In my intended use case I’ve got a descriptor space with 10k samples (or however many), each with 300 descriptors (vanilla descriptors, stats, mfccs, stats of mfccs etc…).

I would like to use one column of that (timecentroid for the sake of simplicity here), and bias a query based on that single number. As in, return me the nearest match (along all the dimensions of the descriptors) that has a time centroid above a certain value. Or find me the nearest match where the loudness is below a certain value (this gets weirder).

But the overall idea is something along these lines. Where some columns in the thin flat buffer correspond to data that I’d like to use to query against in a more direct way.

That’s how addrange works! I kept trying stuff and didn’t couldn’t get the default example to return every column it started with. (I could have sworn I tried addrange 0 4). What happens when addrange is backwards, like in the example? (addrange 2 1)
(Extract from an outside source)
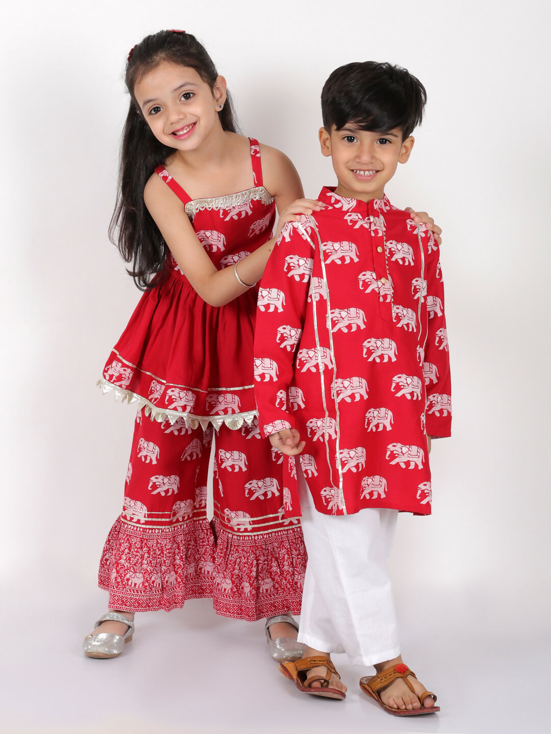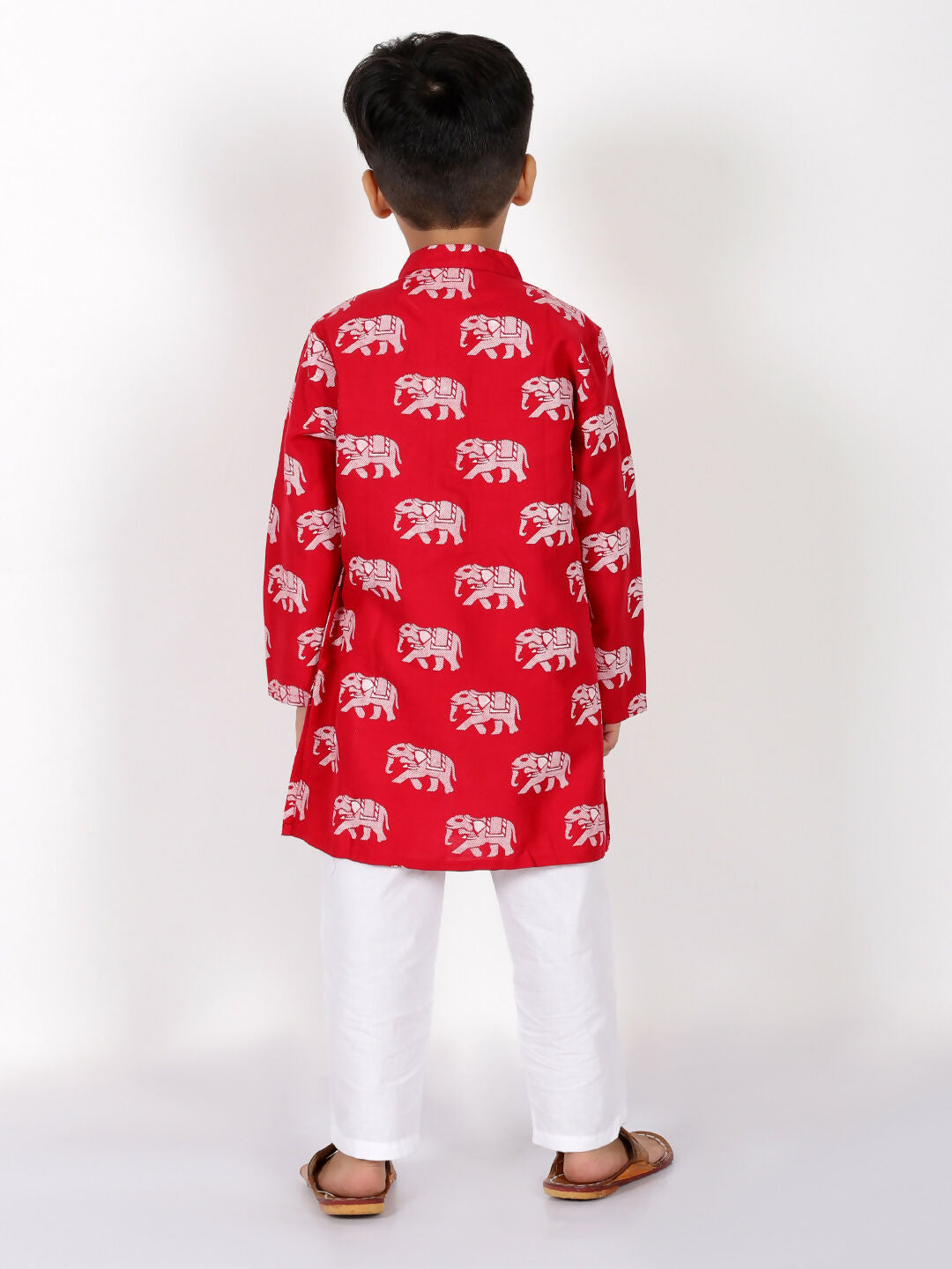 Lil Drama Trunk Tales Boys Red Kurta with Pant set Color: Red Material: Cotton Legal Disclaimer: Product color may slightly vary due to photograp...
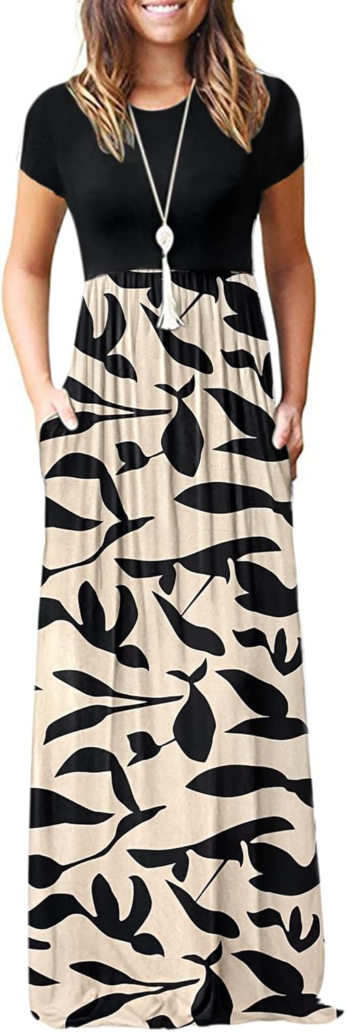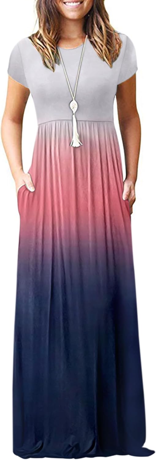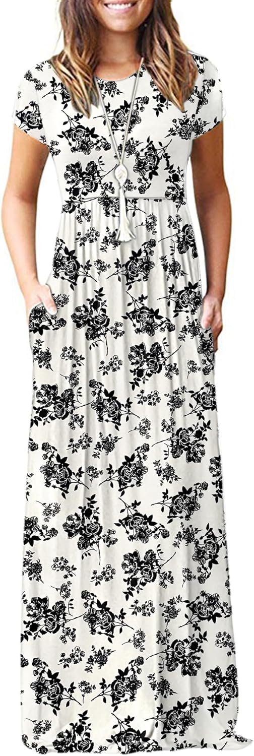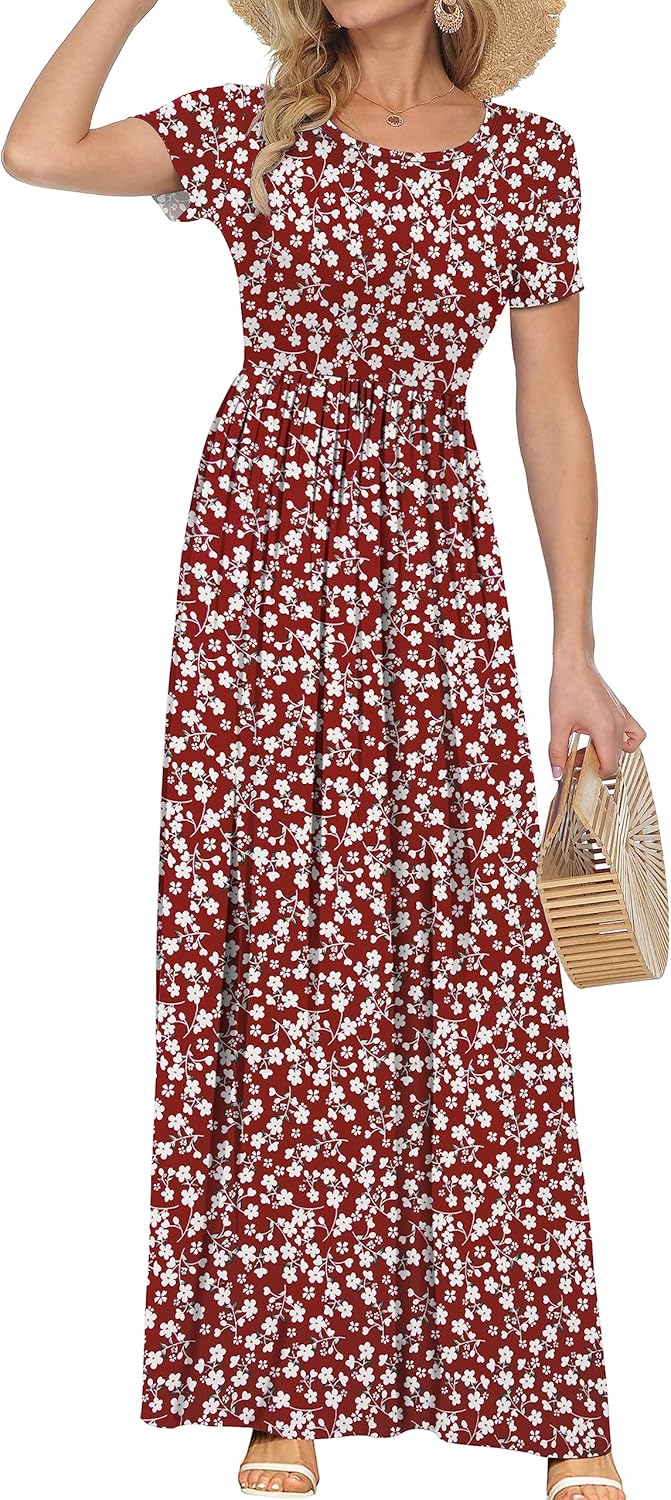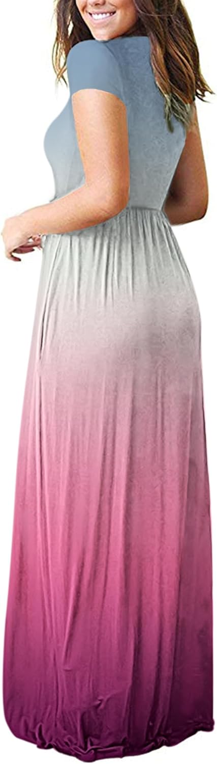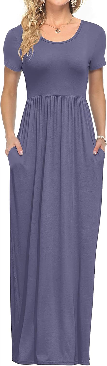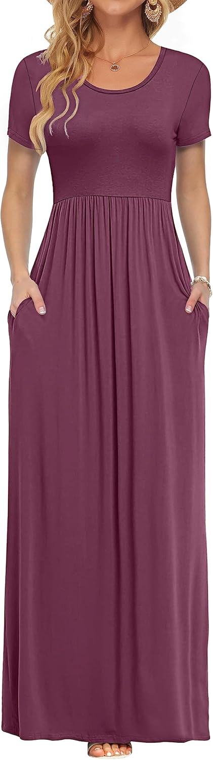 AUSELILY Women’s Short Sleeve Loose Plain Casual Long Maxi Dresses for Women 2025

its not backward, it is like all our other range interface: start and num
0 300: start at 0 and gimme 300
2 1: start at 2 and gimme 1

===
In your case, if you’re going to bias a query on a subset, then query in RT, you make the subset, you then make a kdtree of that subset, and query that kdtree. the query should be faster than on the real dataset since you have less values. what is even better is to query only what you care about, so you could dismiss the columns you don’t care about and make a smaller subset in that dimension too (nb of dims)

Right. It’s just visually confusing because there is no associated message that goes with them, and addrange 0 5 returns the data I want, but for visually confusing reasons (as in, it looks like it goes from 0 to 5, inclusively). I’ve mentioned this already, but this <dataset> <dataset> <number> <number> syntax is a lot more confusing overall.
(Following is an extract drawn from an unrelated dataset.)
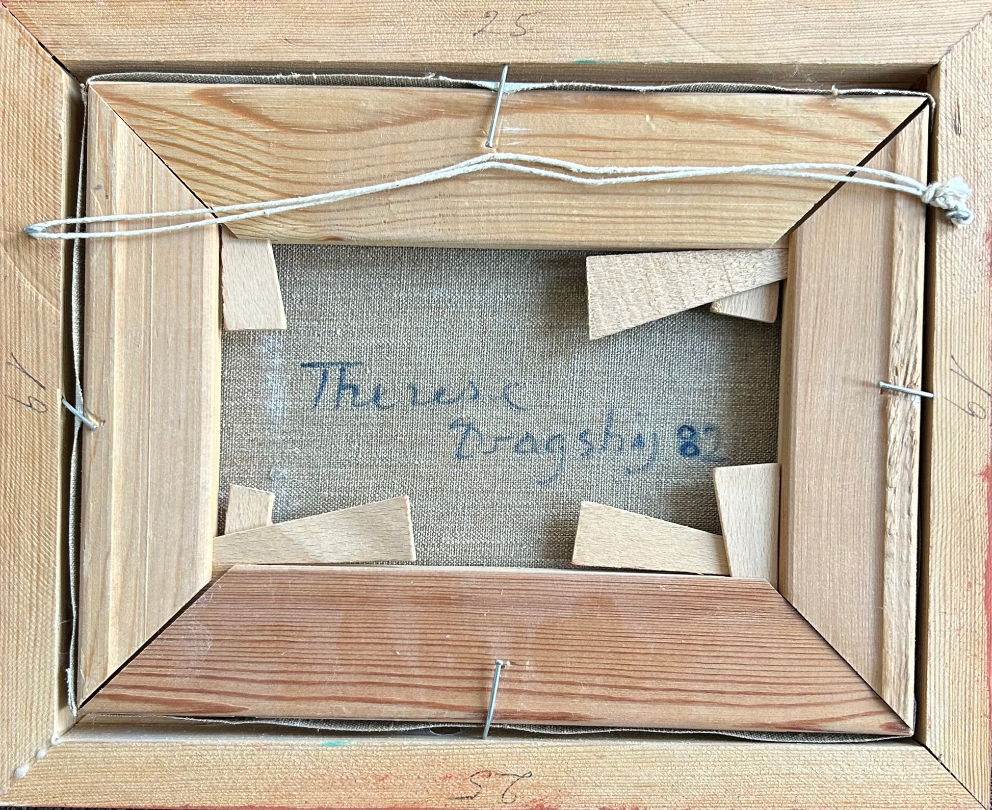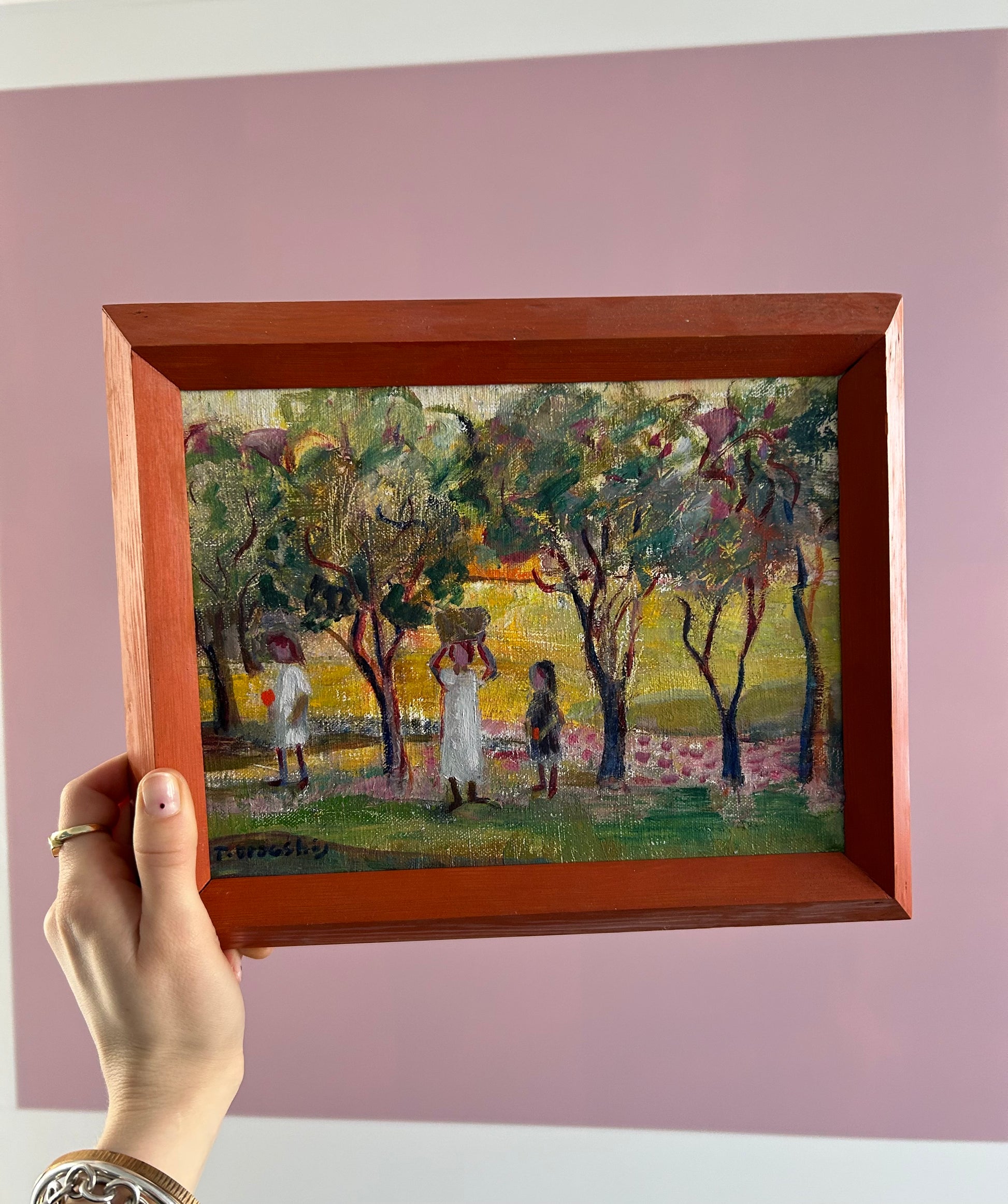 Therese Dragshøj (1909-1998). Landscape with figures, oil on canvas, signed and dated. 17 x 22,5 (23 x 29) cm. Framed.

I tried to make a dataset that would have around the amount of numbers I’d be dealing with in a realworld context. I can easily get up to 10k samples/grains/bits and 300 descriptors/stats is about par for the course these days. Granted my realworld numbers may be slightly smaller, but I wanted to test it with numbers greater than 100 entries and 5 features.
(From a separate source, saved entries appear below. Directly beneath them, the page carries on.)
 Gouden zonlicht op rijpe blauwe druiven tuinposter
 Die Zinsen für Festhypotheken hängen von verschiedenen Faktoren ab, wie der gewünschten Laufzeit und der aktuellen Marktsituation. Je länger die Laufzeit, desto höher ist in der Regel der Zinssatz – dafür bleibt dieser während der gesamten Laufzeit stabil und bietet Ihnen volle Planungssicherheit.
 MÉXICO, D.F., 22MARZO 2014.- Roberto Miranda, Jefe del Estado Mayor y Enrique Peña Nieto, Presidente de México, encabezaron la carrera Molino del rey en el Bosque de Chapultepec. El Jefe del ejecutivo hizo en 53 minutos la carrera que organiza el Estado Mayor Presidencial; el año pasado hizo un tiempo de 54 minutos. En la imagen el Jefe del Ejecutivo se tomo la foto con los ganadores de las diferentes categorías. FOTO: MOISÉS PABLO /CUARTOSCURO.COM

I perhaps wouldn’t need all the columns for each query type, specifically if each column corresponds with a different time series and I’m choosing between the initial 256samples, or the initial 4410 samples etc…, but if I have a single value in that column that could potentially update on every query, I’d have to do this process per query.

edit:
To further clarify. It wouldn’t always need to update ‘per query’, but if I’m doing the thing you (@tremblap) suggested ages ago, where I have a slower envelope follower going, and us that output of that weighted against the current analysis frame to decide how “long” (or higher ‘timeness’) a sample to play back, that means I would need to update things per query.